Build errors after editing generated files

Section titled “Build errors after editing generated files”

Symptom: After manually editing files in the agent/ directory, running bonsai update or bonsai add produces unexpected results or errors.

Cause: Bonsai tracks generated files by content hash. When you edit a generated file, the hash no longer matches, and Bonsai treats it as a conflict on the next run.

Solution: Run bonsai update to sync your workspace. Bonsai will detect modified files and prompt you to skip, overwrite, or backup and overwrite each one.

Terminal window
bonsai update

If you intentionally modified a file and want to keep your changes, choose Skip when prompted. Your custom version will be preserved.

Symptom: Sensors (scope guards, context injection, status bar) are not triggering during Claude Code sessions.

Cause: The sensor hooks may not be configured in .claude/settings.json, or the sensor script may not be installed.

Solution:

  1. Verify the sensor is installed:

    Terminal window
    bonsai list

    Check that the sensor appears in the installed sensors list for the relevant agent.

  2. Check .claude/settings.json (inside the agent’s workspace directory) for hook entries. Each sensor should have a corresponding hook configuration.

  3. Run bonsai update to regenerate the settings file:

    Terminal window
    bonsai update
  4. Make sure the sensor script exists and is executable:

    Terminal window
    ls -la station/agent/Sensors/

”Agent not found” when running bonsai add

Section titled “”Agent not found” when running bonsai add”

Symptom: Running bonsai add or selecting an agent type fails with an agent-not-found error.

Cause: The agent type name must match one of the 6 catalog types exactly: tech-lead, backend, frontend, fullstack, devops, security.

Solution: Run bonsai catalog to see available agent types and their exact names. Use the interactive picker in bonsai add to select the correct one.

Terminal window
bonsai catalog

Symptom: Running bonsai add or bonsai update shows conflict warnings for multiple files.

Cause: Files generated by Bonsai have been modified since they were last written. Bonsai detects this by comparing SHA-256 hashes stored in .bonsai-lock.yaml against the current file contents.

Solution: For each conflict, Bonsai prompts you with three options:

  • Skip — Keep your modified version. The file will not be updated.
  • Overwrite — Replace your version with the freshly generated one. Your changes are lost.
  • Backup & Overwrite — Your file is saved as filename.bak, then the new version is written.

If you have many conflicts and want to accept all new versions:

Terminal window
# Regenerate everything (will prompt for conflicts)
bonsai update

Symptom: Running bonsai remove tech-lead fails or warns that removal is not possible.

Cause: The Tech Lead agent owns the station directory, which contains the shared project scaffolding (Playbook, Logs, Reports) that other agents reference.
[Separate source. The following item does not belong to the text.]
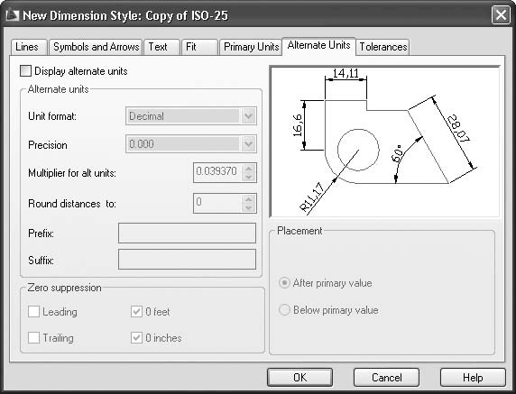 Параметры Prefix (Префикс), Suffix (Суффикс) и флажки в области Zero supression (Подавление нулей) настраивают так же, как для основных единиц. Например, чтобы разместить после альтернативных единиц запись мм, введите в поле Suffix (Суффикс) соответствующее значение.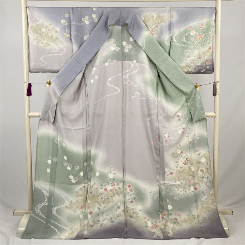 <div class=薄緑と薄紫の爽やかなぼかし染めが美しい単衣訪問着 。

It must be the last agent removed.

Solution: Remove all code agents first, then remove the Tech Lead:

Terminal window
bonsai remove backend
bonsai remove frontend
bonsai remove tech-lead

Custom files not detected by bonsai update

Section titled “Custom files not detected by bonsai update”
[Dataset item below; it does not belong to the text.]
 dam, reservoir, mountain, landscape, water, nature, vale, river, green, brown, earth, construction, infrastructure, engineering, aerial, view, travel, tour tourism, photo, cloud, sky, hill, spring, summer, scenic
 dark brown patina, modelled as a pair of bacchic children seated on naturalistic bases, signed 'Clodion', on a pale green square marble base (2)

Symptom: You created a custom skill, sensor, or routine file, but bonsai update does not pick it up.

Cause: Custom files must be in the correct directory and have valid YAML frontmatter for Bonsai to detect them.

Solution: Verify the following:

  1. Correct directory: Custom files must be in the agent’s ability directory:

    • Skills: <workspace>/agent/Skills/<name>.md
    • Sensors: <workspace>/agent/Sensors/<name>.sh
    • Routines: <workspace>/agent/Routines/<name>.md
  2. Valid frontmatter: The file must start with YAML frontmatter between --- delimiters:

    ---
    description: What this custom ability does
    ---
    Content here...

    For sensors, also include event (and optionally matcher):

    #!/bin/bash
    # ---
    # description: My custom sensor
    # event: PreToolUse
    # matcher: Edit
    # ---

    For routines, also include frequency:

    ---
    description: My custom routine
    frequency: 7 days
    ---
  3. Run update:

    Terminal window
    bonsai update

See the Creating Custom Skills, Creating Custom Sensors, and Creating Custom Routines guides for complete examples.